- **WHAT THIS TASK INVOLVES**
Line by line, retype the material exactly and leave each picture out.

- **THE DATA**
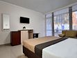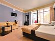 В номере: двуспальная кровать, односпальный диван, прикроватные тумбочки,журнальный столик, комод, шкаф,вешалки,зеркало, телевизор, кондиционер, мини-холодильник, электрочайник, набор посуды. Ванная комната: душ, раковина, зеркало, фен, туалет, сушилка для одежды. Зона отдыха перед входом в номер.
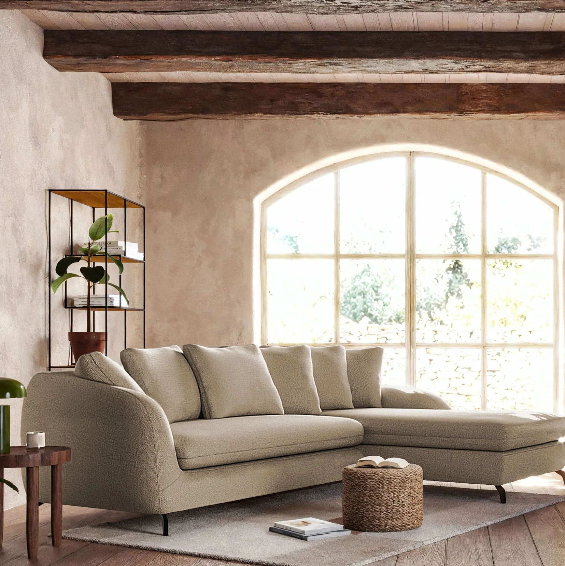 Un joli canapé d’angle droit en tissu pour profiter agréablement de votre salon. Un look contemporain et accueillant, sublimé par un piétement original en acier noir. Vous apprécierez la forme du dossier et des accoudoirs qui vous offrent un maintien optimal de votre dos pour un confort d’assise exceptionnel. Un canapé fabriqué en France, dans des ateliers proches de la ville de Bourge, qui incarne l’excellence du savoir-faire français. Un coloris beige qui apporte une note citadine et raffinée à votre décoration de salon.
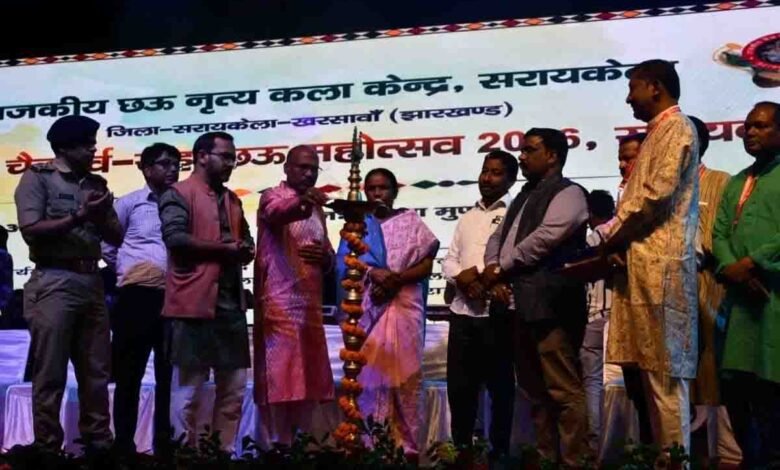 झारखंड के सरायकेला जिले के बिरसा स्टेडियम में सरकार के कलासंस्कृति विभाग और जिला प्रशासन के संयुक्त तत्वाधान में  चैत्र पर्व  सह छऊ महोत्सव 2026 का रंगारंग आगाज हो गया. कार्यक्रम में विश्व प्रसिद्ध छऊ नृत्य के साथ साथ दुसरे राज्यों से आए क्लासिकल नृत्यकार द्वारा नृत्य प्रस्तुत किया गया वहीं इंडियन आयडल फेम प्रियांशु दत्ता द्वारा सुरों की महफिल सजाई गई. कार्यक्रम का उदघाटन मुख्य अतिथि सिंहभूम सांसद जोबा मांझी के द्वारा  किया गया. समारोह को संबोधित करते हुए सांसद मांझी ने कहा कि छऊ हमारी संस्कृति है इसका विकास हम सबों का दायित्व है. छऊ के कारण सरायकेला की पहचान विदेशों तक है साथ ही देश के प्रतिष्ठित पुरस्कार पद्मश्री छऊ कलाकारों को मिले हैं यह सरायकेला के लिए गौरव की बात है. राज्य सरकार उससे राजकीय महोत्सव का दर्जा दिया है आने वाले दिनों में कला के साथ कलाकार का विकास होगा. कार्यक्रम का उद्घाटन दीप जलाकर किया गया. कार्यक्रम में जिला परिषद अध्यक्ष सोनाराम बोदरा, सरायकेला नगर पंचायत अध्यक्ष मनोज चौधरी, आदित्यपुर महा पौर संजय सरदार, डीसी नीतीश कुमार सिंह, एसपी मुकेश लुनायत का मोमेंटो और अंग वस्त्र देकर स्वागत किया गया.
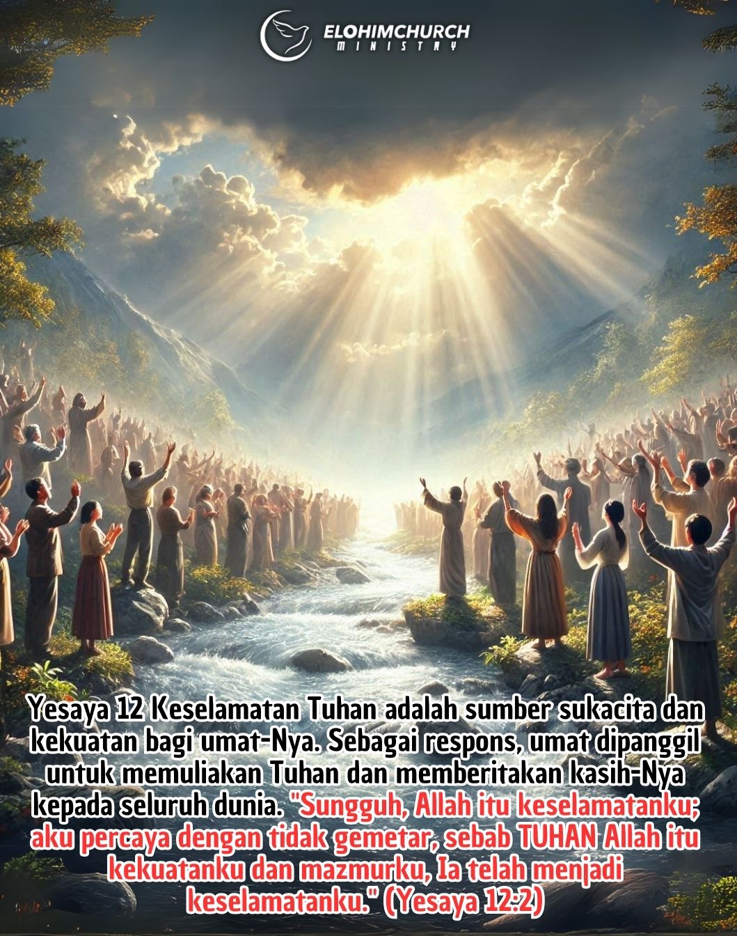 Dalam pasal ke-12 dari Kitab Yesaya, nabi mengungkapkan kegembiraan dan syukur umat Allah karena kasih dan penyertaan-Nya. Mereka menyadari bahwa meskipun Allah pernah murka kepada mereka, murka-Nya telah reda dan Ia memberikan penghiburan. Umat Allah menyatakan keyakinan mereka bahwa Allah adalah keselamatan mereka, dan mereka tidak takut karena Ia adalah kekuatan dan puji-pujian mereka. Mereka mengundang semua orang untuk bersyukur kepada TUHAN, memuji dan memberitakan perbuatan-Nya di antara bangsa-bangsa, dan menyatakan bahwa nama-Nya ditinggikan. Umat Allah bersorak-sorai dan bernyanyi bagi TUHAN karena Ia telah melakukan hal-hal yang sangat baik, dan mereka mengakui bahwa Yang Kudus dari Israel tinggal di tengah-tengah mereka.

- **TASK RESULT**
 В номере: двуспальная кровать, односпальный диван, прикроватные тумбочки,журнальный столик, комод, шкаф,вешалки,зеркало, телевизор, кондиционер, мини-холодильник, электрочайник, набор посуды. Ванная комната: душ, раковина, зеркало, фен, туалет, сушилка для одежды. Зона отдыха перед входом в номер.
 Un joli canapé d’angle droit en tissu pour profiter agréablement de votre salon. Un look contemporain et accueillant, sublimé par un piétement original en acier noir. Vous apprécierez la forme du dossier et des accoudoirs qui vous offrent un maintien optimal de votre dos pour un confort d’assise exceptionnel. Un canapé fabriqué en France, dans des ateliers proches de la ville de Bourge, qui incarne l’excellence du savoir-faire français. Un coloris beige qui apporte une note citadine et raffinée à votre décoration de salon.
 झारखंड के सरायकेला जिले के बिरसा स्टेडियम में सरकार के कलासंस्कृति विभाग और जिला प्रशासन के संयुक्त तत्वाधान में  चैत्र पर्व  सह छऊ महोत्सव 2026 का रंगारंग आगाज हो गया. कार्यक्रम में विश्व प्रसिद्ध छऊ नृत्य के साथ साथ दुसरे राज्यों से आए क्लासिकल नृत्यकार द्वारा नृत्य प्रस्तुत किया गया वहीं इंडियन आयडल फेम प्रियांशु दत्ता द्वारा सुरों की महफिल सजाई गई. कार्यक्रम का उदघाटन मुख्य अतिथि सिंहभूम सांसद जोबा मांझी के द्वारा  किया गया. समारोह को संबोधित करते हुए सांसद मांझी ने कहा कि छऊ हमारी संस्कृति है इसका विकास हम सबों का दायित्व है. छऊ के कारण सरायकेला की पहचान विदेशों तक है साथ ही देश के प्रतिष्ठित पुरस्कार पद्मश्री छऊ कलाकारों को मिले हैं यह सरायकेला के लिए गौरव की बात है. राज्य सरकार उससे राजकीय महोत्सव का दर्जा दिया है आने वाले दिनों में कला के साथ कलाकार का विकास होगा. कार्यक्रम का उद्घाटन दीप जलाकर किया गया. कार्यक्रम में जिला परिषद अध्यक्ष सोनाराम बोदरा, सरायकेला नगर पंचायत अध्यक्ष मनोज चौधरी, आदित्यपुर महा पौर संजय सरदार, डीसी नीतीश कुमार सिंह, एसपी मुकेश लुनायत का मोमेंटो और अंग वस्त्र देकर स्वागत किया गया.
 Dalam pasal ke-12 dari Kitab Yesaya, nabi mengungkapkan kegembiraan dan syukur umat Allah karena kasih dan penyertaan-Nya. Mereka menyadari bahwa meskipun Allah pernah murka kepada mereka, murka-Nya telah reda dan Ia memberikan penghiburan. Umat Allah menyatakan keyakinan mereka bahwa Allah adalah keselamatan mereka, dan mereka tidak takut karena Ia adalah kekuatan dan puji-pujian mereka. Mereka mengundang semua orang untuk bersyukur kepada TUHAN, memuji dan memberitakan perbuatan-Nya di antara bangsa-bangsa, dan menyatakan bahwa nama-Nya ditinggikan. Umat Allah bersorak-sorai dan bernyanyi bagi TUHAN karena Ia telah melakukan hal-hal yang sangat baik, dan mereka mengakui bahwa Yang Kudus dari Israel tinggal di tengah-tengah mereka.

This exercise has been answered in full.